South Korea undeniably places great emphasis on a person’s educational background, so the University of Tokyo has a very strong image in Korea as the number one Asian university. Every year, around the time when world university rankings are announced, the South Korean media run a lot of articles about the number one university in the Asian region. Korean people often praise me when they discover that I am a UTokyo student. When finding a job, however, it is far more advantageous to graduate from a South Korean university. Anyway, I don’t care because I want to continue my research at the University of Tokyo.

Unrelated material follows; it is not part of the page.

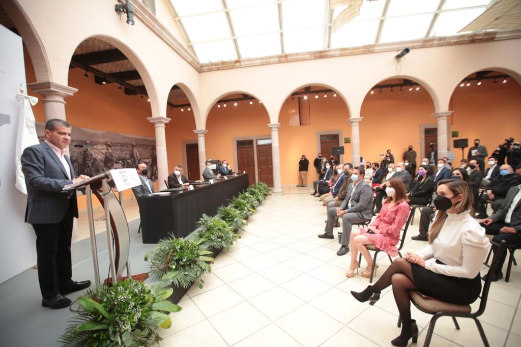 "Este convenio lleva detrás un gran mensaje: Esté como esté, Coahuila sigue con la unidad, el trabajo y privilegiando los intereses de las y los coahuilenses", señaló el Mandatario estatal.

Finally, I want to offer one piece of advice to those who are planning to study abroad in Japan: don’t wait for people to reach out and talk to you. You have to be the one reaching out to them instead!
Ju Eun brought us two message cards known as yosegaki and one photo album. The large yosegaki card is a present from her fellow international students who took a preparatory course at Osaka University with her. Upon the completion of the course, her classmates wrote farewell messages mainly in Japanese for Ju Eun whom they called sensei (teacher) because she is very good at Japanese. As the title “Smiling or Crying” suggests, Ju Eun probably smiled and cried when reading these messages. The red yosegaki card features congratulatory messages from her Chinese language course classmates written when she was a sophomore and joined the May Festival (a University-wide two-day event organized by students welcoming a wide range of visitors). She was the leader of the class event for selling beef kebabs, which successfully sold out each of the two days. These yosegaki are mementos of Ju Eun’s classmates. The photo album is a birthday gift from the Korean friends she made at the Mitaka International Hall of Residence. The album contains many photos of Ju Eun enjoying the company of her friends and warm messages.
Ju Eun is from Seoul, South Korea. She says that Seoul is a big city but has an abundance of nature because the city is surrounded by high mountains and a large river flows through it. On the weekends, many people visit the nearby mountains to enjoy hiking. Ju Eun’s favorite places in Seoul are Gyeongbokgung Palace, which was the main royal palace of the Joseon Dynasty, and the surrounding Bukchon Hanok Village, an area where many Korean traditional houses of high government officials and the nobility from the days of the Joseon Dynasty have been preserved. She says she feels relaxed when strolling around this area. This certainly suits Ju Eun, who loves history and old things.